(Data records)
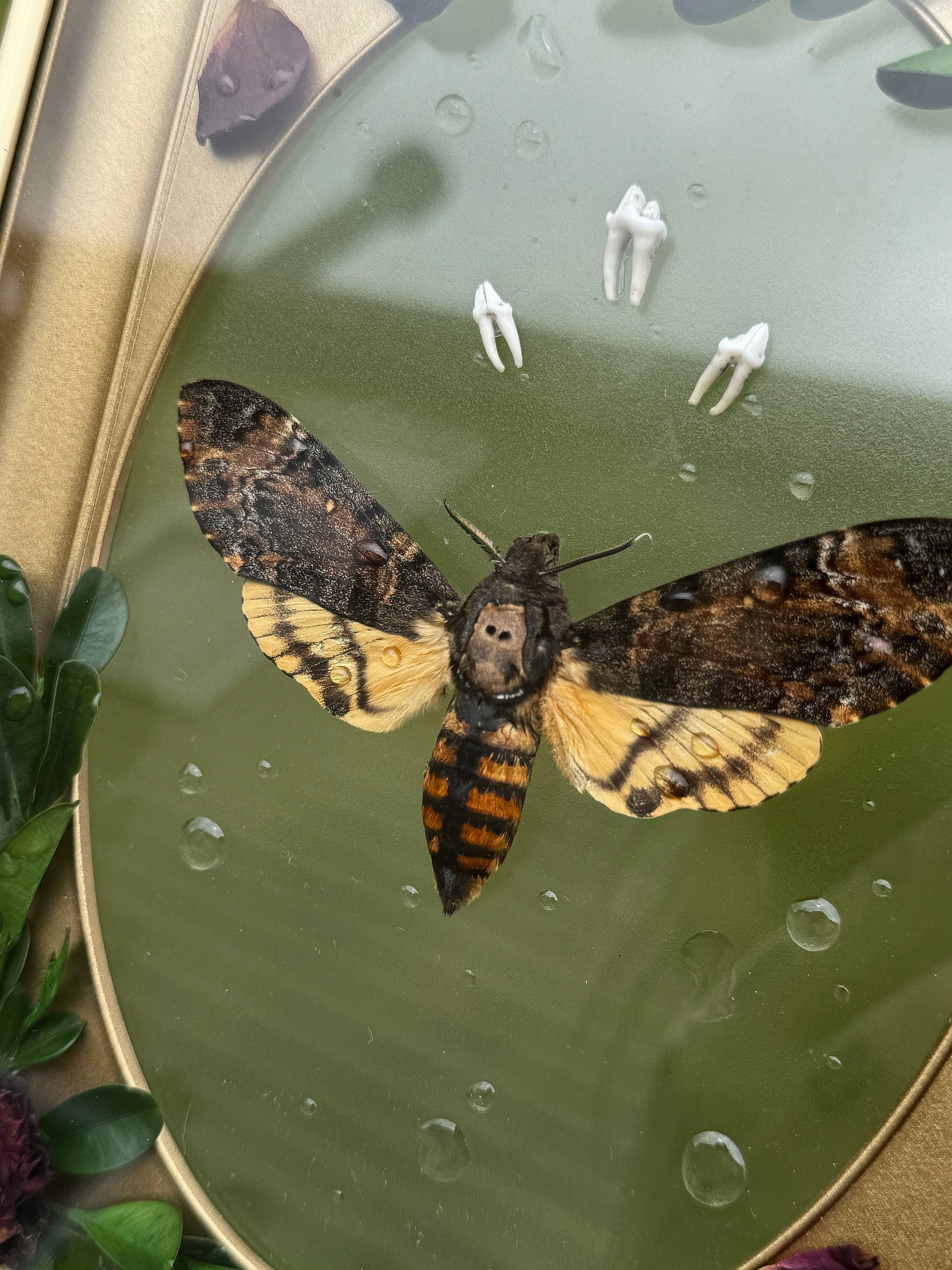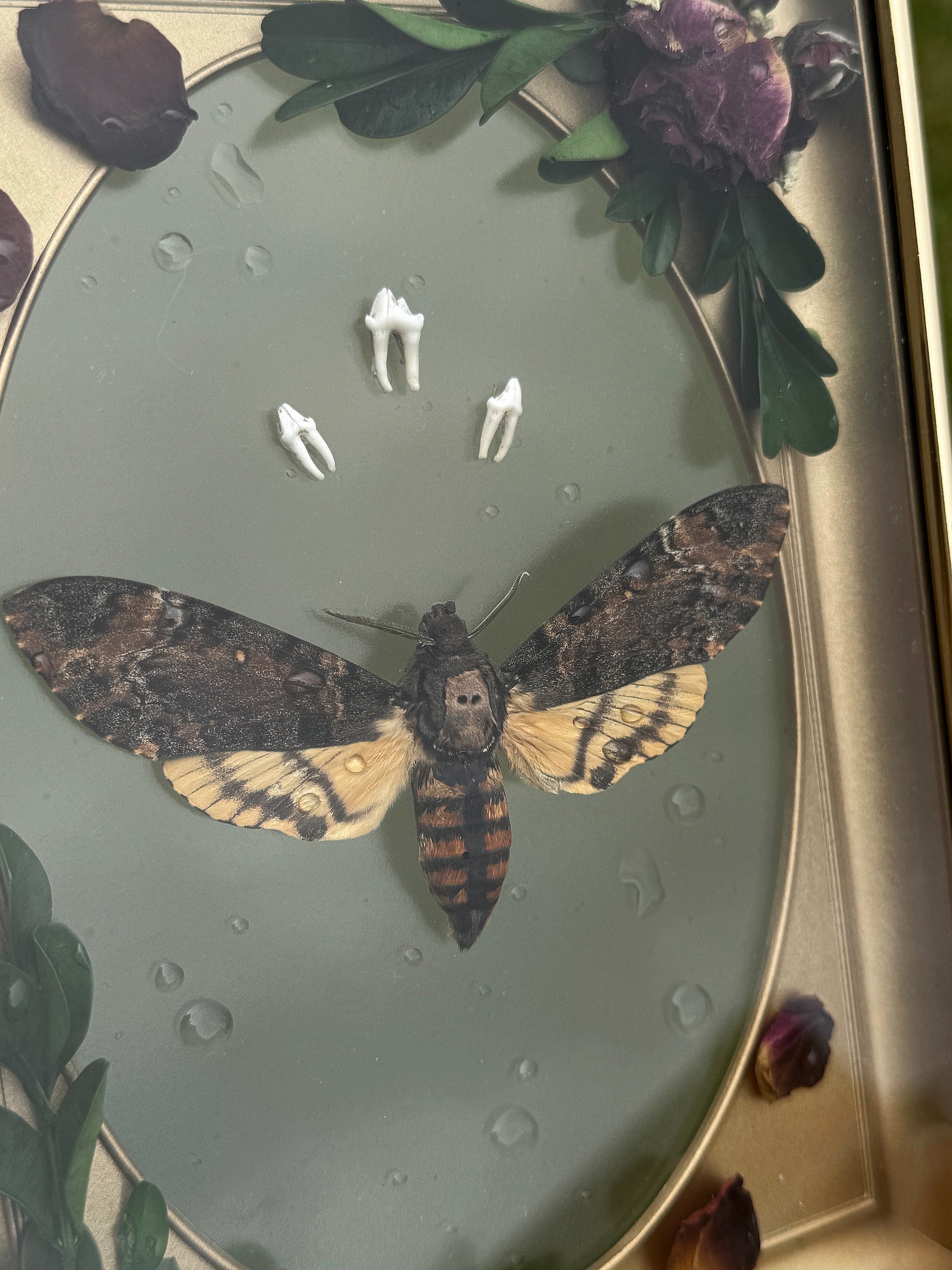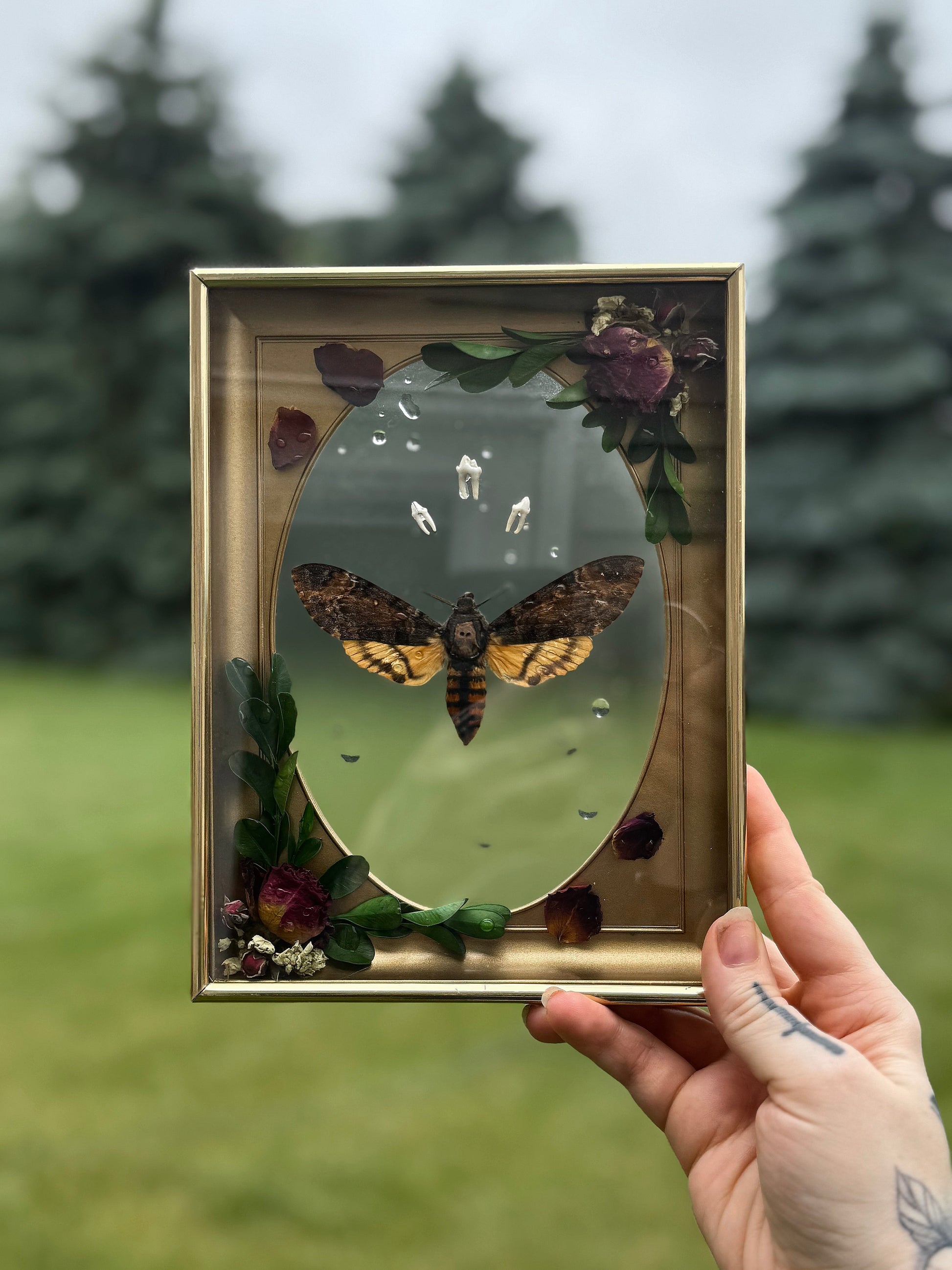 This gold metal frame features a single Deathshead hawkmoth with a trio of opossum side molars hanging overhead with raindrops scattered throughout giving this piece a soft, moody vibe. The glass backing has a foggy appearance to add to the feel as well as red mini red roses and boxwood leaves with petals thrown about. 5”x7” and ready to hang
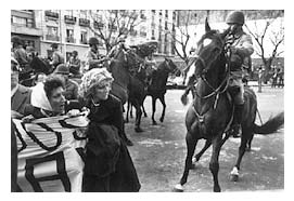 Crowds gathered once again on April 2, 1982 to hail de facto President Leopoldo Galtieri for starting the Falklands/Malvinas war. Since the late 1970s, this is where the Mothers of the Plaza de Mayo have congregated with signs and pictures of desaparecidos, their children, who disappeared (murdered) by the Argentine military in the Dirty War, during the National Reorganization Process. The Argentine military was anti-Communist, and people perceived to be supportive of such ideas would be illegally detained, subject to abuse and torture, and finally murdered in secret. (top...)
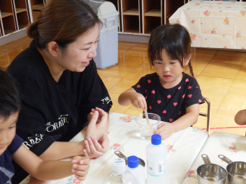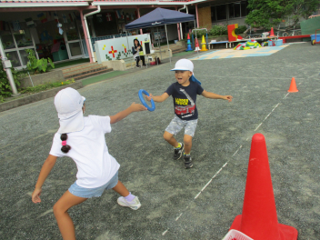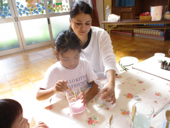 幼稚園で遊んでいることについて尋ねてくれたり、レストランのお客さんにもなったりしてくださいました。
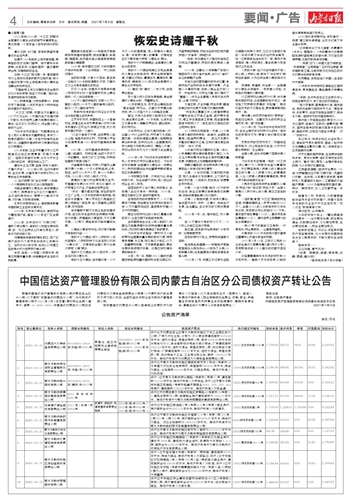 中国信达资产管理股份有限公司内蒙古自治区分公司债权资产转让公告
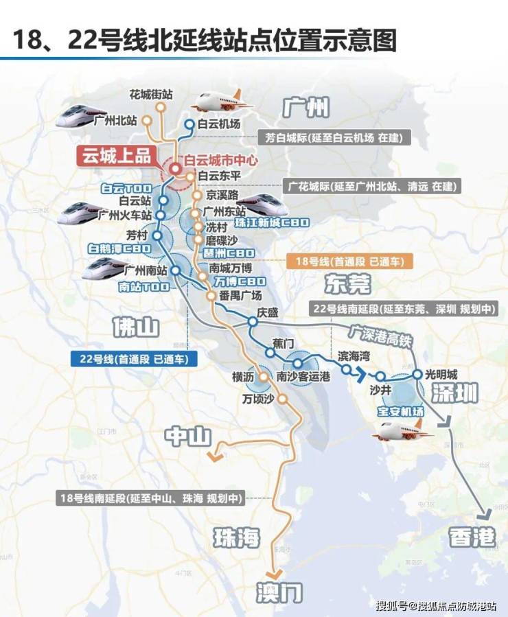 云城上品位于广州地铁18号线与22号线交汇的白云城市中心站位置 同时规划中的34号线与39号线也将在此设站 形成四线交汇的立体交通枢纽 通过160公里时速的高速地铁 三站可达天河北 四站直抵珠江新城 高速轨道系统使得项目具备全城通达与湾区互联优势 广州地铁地产充分利用合建优势 打造业主专属归家通道 业主可从地铁站厅直接步入社区地库 实现真正意义上的无缝衔接出行 无需风雨通勤 节省出行时间 提升生活效率 未来随着地铁网络的全面开通 白云城市中心将成为连接广州与大湾区的重要门户节点
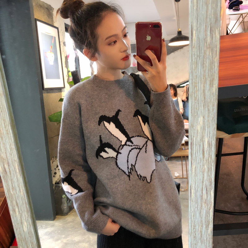 2018新款秋冬女裝韓版寬松企鵝提花套頭網紅針織衫毛衣上衣外套女
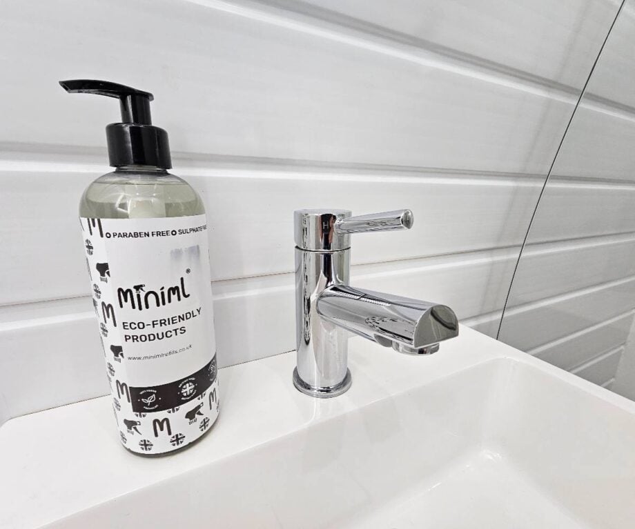 The en suite is a crisp, modern affair, featuring a powerful shower, a basin with a heated mirror, and a WC. In a nod to the farm’s sustainable ethos (over 300 trees and 500m of traditional hedging have been planted at the site), toiletries are from the Yorkshire-based refillable Miniml brand, designed to eliminate single-use plastics.

WHAT IS NEEDED. Here the job is to print all the entries above exactly, minus the images.

FINISHED EXERCISE.
 This gold metal frame features a single Deathshead hawkmoth with a trio of opossum side molars hanging overhead with raindrops scattered throughout giving this piece a soft, moody vibe. The glass backing has a foggy appearance to add to the feel as well as red mini red roses and boxwood leaves with petals thrown about. 5”x7” and ready to hang
 Crowds gathered once again on April 2, 1982 to hail de facto President Leopoldo Galtieri for starting the Falklands/Malvinas war. Since the late 1970s, this is where the Mothers of the Plaza de Mayo have congregated with signs and pictures of desaparecidos, their children, who disappeared (murdered) by the Argentine military in the Dirty War, during the National Reorganization Process. The Argentine military was anti-Communist, and people perceived to be supportive of such ideas would be illegally detained, subject to abuse and torture, and finally murdered in secret. (top...)
 幼稚園で遊んでいることについて尋ねてくれたり、レストランのお客さんにもなったりしてくださいました。
 中国信达资产管理股份有限公司内蒙古自治区分公司债权资产转让公告
 云城上品位于广州地铁18号线与22号线交汇的白云城市中心站位置 同时规划中的34号线与39号线也将在此设站 形成四线交汇的立体交通枢纽 通过160公里时速的高速地铁 三站可达天河北 四站直抵珠江新城 高速轨道系统使得项目具备全城通达与湾区互联优势 广州地铁地产充分利用合建优势 打造业主专属归家通道 业主可从地铁站厅直接步入社区地库 实现真正意义上的无缝衔接出行 无需风雨通勤 节省出行时间 提升生活效率 未来随着地铁网络的全面开通 白云城市中心将成为连接广州与大湾区的重要门户节点
 2018新款秋冬女裝韓版寬松企鵝提花套頭網紅針織衫毛衣上衣外套女
 The en suite is a crisp, modern affair, featuring a powerful shower, a basin with a heated mirror, and a WC. In a nod to the farm’s sustainable ethos (over 300 trees and 500m of traditional hedging have been planted at the site), toiletries are from the Yorkshire-based refillable Miniml brand, designed to eliminate single-use plastics.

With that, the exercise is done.